A recent case study by Jakes applied a MAM approach to analyze influential quality attributes – including FC N-glycosylation, charge variants and oxidation – of an antibody throughout the culture.
Interestingly, the method was able to pick up host cell protein (HCP) contamination down to 100 ppm, which gives confidence that the MAM tool could eventually replace ELISA for HCP, as ELISA is a cumbersome and lengthy assay. Nuances were also picked up between an innovator and biosimilar within the charge state and glycosylation profile. This is an important finding as sequence mutations due to misincorporation can lead to changes in the physicochemical and or biological properties of the antibody.
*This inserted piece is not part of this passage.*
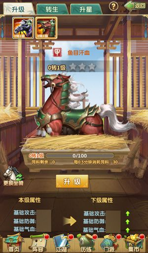 坐騎的升級(jí)是掛機(jī)式的玩法,只要飼料充足,養(yǎng)在馬廄中的坐騎就會(huì)隨時(shí)間得到經(jīng)驗(yàn)。前面也提到了,當(dāng)升級(jí)到一定級(jí)數(shù),坐騎必須轉(zhuǎn)生才可繼續(xù)獲得經(jīng)驗(yàn)升級(jí)。而坐騎的轉(zhuǎn)生,需要消耗同等級(jí)的坐騎作為材料。因此,當(dāng)陣上的坐騎已經(jīng)滿級(jí),需要轉(zhuǎn)生的時(shí)候,掌門可以將馬廄的位置用于升級(jí)材料馬,這樣才能最大化的提升坐騎的等級(jí)。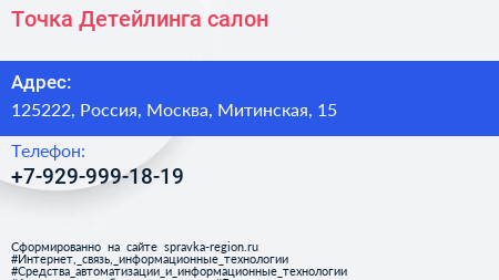Точка Детейлинга, салон по адресу 125222, Россия, Москва, Митинская, 15 в дальнейшем Организация, размещена в следующих категориях:

The proof-of-concept study by Jakes showed the capabilities of the MAM platform, but these are only a handful of attributes that can be monitored. "The decision of what attributes can be monitored and screened depends entirely upon the product that you wish to monitor," says Jakes. The quality attributes one would wish to detect and monitor are case-specific, even towards different antibodies with diverse attributes. The other issues that could arise with MAM methods is if an HPLC column is taken from a different lot or a new pump is used. This would require a recalibration of the workbook based on residence times in the chromatography, requiring an advanced skillset to re-setup the system. The forward trend of MAM looks toward integrating these types of tools into an automated format, which would remove the need for manual sampling and sample pretreatments such as trypsin digests. Adopting an automated MAM approach would allow constant sampling and monitoring of antibodies for their quality attributes.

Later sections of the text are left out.